She comes off the me that way. But I'm not sure what that means. Is she that worried more is going to make it worse. I've already told her that it can't get worse. She had an affair.


----------



## aug (Aug 21, 2011)

rebelm said:


> She comes off the me that way. But I'm not sure what that means. Is she that worried more is going to make it worse. I've already told her that it can't get worse. She had an affair.


I quickly glanced over your other threads.

She's not ready to completely give up her lover. They have a long history together.

So, I dont think she's telling you everything.


----------



## michzz (Jun 6, 2008)

Don't end up like me, told it happened "once" when in reality it was ongoing for 8 years a
ANd hidden for another 8.

If she's lying about it it is likely still ongoing.
_Posted via Mobile Device_


----------



## morituri (Apr 1, 2011)

Neither D or R are easy, they both suck. What you have to ask yourself is this, considering all the facts of your situation, which of the two offers you the best chance of personally recovering from your wife's affair? Your emotional health is paramount and you need to make a wise choice in regards to it.


----------



## rebelm (Oct 8, 2010)

aug said:


> I quickly glanced over your other threads.
> 
> She's not ready to completely give up her lover. They have a long history together.
> 
> So, I dont think she's telling you everything.


I've wondered that also. Been watching for another phone. I asked her to stay last night and she wouldn't. But we did have the physical fight that night. I've followed her a time or to as well. He did get pissed at her when I had her text the no contact. She can to me and said it was over. I had her do that in front of me with no warning. They broke it off for three months in the beginning of the year while he tried to save his marriage. The started back. I have proof of that. I've told her I have the same concern now.


----------



## tacoma (May 1, 2011)

You have to tell his wife.

That will change the entire situation in your favors.

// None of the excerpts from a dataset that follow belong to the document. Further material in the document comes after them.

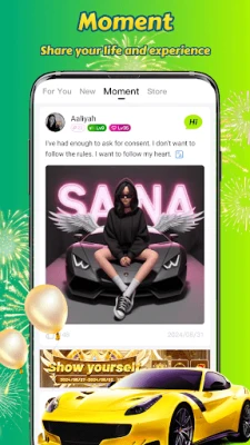 Chat - Chat directly with friends from all over the world in the Voice Party Room or Video Party Room.
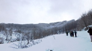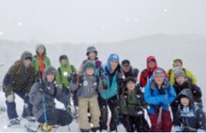 目指した小山は標高400m程度でしたが、吹雪の中でも山頂では360度遮るものがない景色が広がり、参加者全員が登頂の達成感を味わいました。
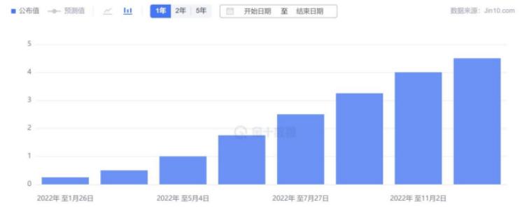 3 月 17 日凌晨 2 点,美联储宣布加息 25 基点。自此,美联储从 2020 年 3 月开启的长达两年的史诗级放水的水龙头开始被拧紧。从 3 月至今,美联储已经加息 7 次,基准利率从年初的 0.5% 升至 4.5%。
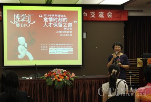 CTI論壇(ctiforum)6月3日消息(記者 張潔):2011年5月31日下午,上?茖W會堂思南樓九層賓客盈門,勝友如云。易才博普奧“博學匯”系列活動之四“危情時刻的人才保留之道”研討會在輕松愉悅的氛圍中拉開帷幕。本屆“博學匯”以“人才保留”為主題,邀請了業(yè)內(nèi)權(quán)威專家及其資深從業(yè)者就人才保留這一話題展開一系列探討。會上分別從學術(shù)觀點、呼叫中心、人力資源、服務外包等諸多領(lǐng)域來探討人才保留的種種新途徑、新方法。
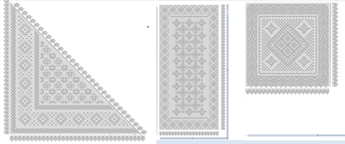 Меня не было здесь почти месяц. Я не писала и не показывала процесс, но это не потому, что ничего не происходило. Наоборот — всё это время я работала над новой вещью. Я долго не решалась начинать вязать косынку. Честно думала, что у меня не получится. Всё-таки это другая форма, другая логика расчётов. Но в какой-то момент я просто собрала в голове весь свой опыт за последние три года работы с оренбургскими платками и похожими изделиями и поняла: знаний уже достаточно. Нужно просто начать. Перед новым годом, когда я у меня вышел новый платок Обережный, я сперва думала, что надо сделать еще палантин, о косынке и речи не было, но уже в процессе отрисовывания схемы родилась и косынка. В голове упорно сидела идея и не давала мне покоя. Эскизы моих дизайнов теперь выглядят так. Как вам? Вроде разные, но есть что-то общее. Платок мы в декабре вязали с девочками в совместнике. Палантин сейчас вяжет несколько человек, они тестируют узор и на ошибки. А косынку вяжу сейчас я. Для косынки я выб
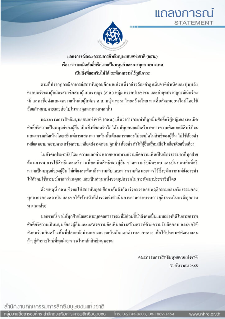 แถลงการณ์คณะกรรมการสิทธิมนุษยชนแห่งชาติ (กสม.)
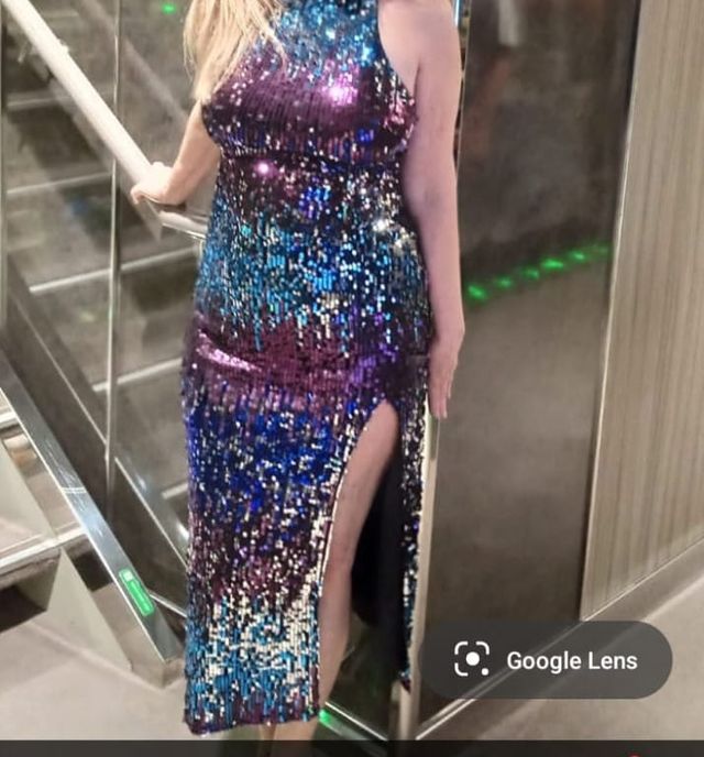 Vestido de fiesta lentejuelas azul y morado

Inform the Om`s wife he`s having an affair with your wife.

Do it now.


----------



## rebelm (Oct 8, 2010)

morituri said:


> Neither D or R are easy, they both suck. What you have to ask yourself is this, considering all the facts of your situation, which of the two offers you the best chance of personally recovering from your wife's affair? Your emotional health is paramount and you need to make a wise choice in regards to it.


A week ago D was an easy answer. Handing her divorce papers made her back up. Guess that answer has become hard this week.


----------



## rebelm (Oct 8, 2010)

tacoma said:


> You have to tell his wife.
> 
> That will change the entire situation in your favors.
> 
> ...


They got divorced a few months ago. They both had affairs. I tried to contact her on FB. No answer but she rarely post. She never contacted me.


----------



## rebelm (Oct 8, 2010)

And yes I guess I should have added that he has been divorced about three or four months. She has made no real attempts to see him anymore than she was. She has her opportunity to be with him all the time if she wants.


----------



## Onedery (Sep 22, 2011)

michzz said:


> Don't end up like me, told it happened "once" when in reality it was ongoing for 8 years a
> ANd hidden for another 8.
> 
> If she's lying about it it is likely still ongoing.
> _Posted via Mobile Device_


Damn. If she were to have cheated for 16 years, you would be approaching my twenty years of deceit.
The lying is what gets me. How do they do it for so long and even find a way to place the blame on the betrayed spouse when the jig is up.?
Since I was able to establish that mine started cheating after the first six moths of our marriage by finding out that I wasn't her son's father, I think it has been a "game" that she enjoys and it was caused by something that she was exposed to long before I ever met her.
If you have to lie every day to your alleged SO in order to get through the day, I should think you might want to try living without the burden of having to be with them, at all.


----------



## sadcalifornian (Sep 18, 2011)

Any kind of remorse while T/Ting is not a true remorse. If she does not fess up voluntarily, then you must at least force her to. This will not only help you heal but also help her deal with what she has done and move forward. 

I would demand polygraph.


----------



## aug (Aug 21, 2011)

You and your wife have been fighting for so many years. Now you know why. She had someone else in her heart and on her mind during her marriage to you.

You are in your early forties. Do you really want to spend the next 30 years fighting with her?


----------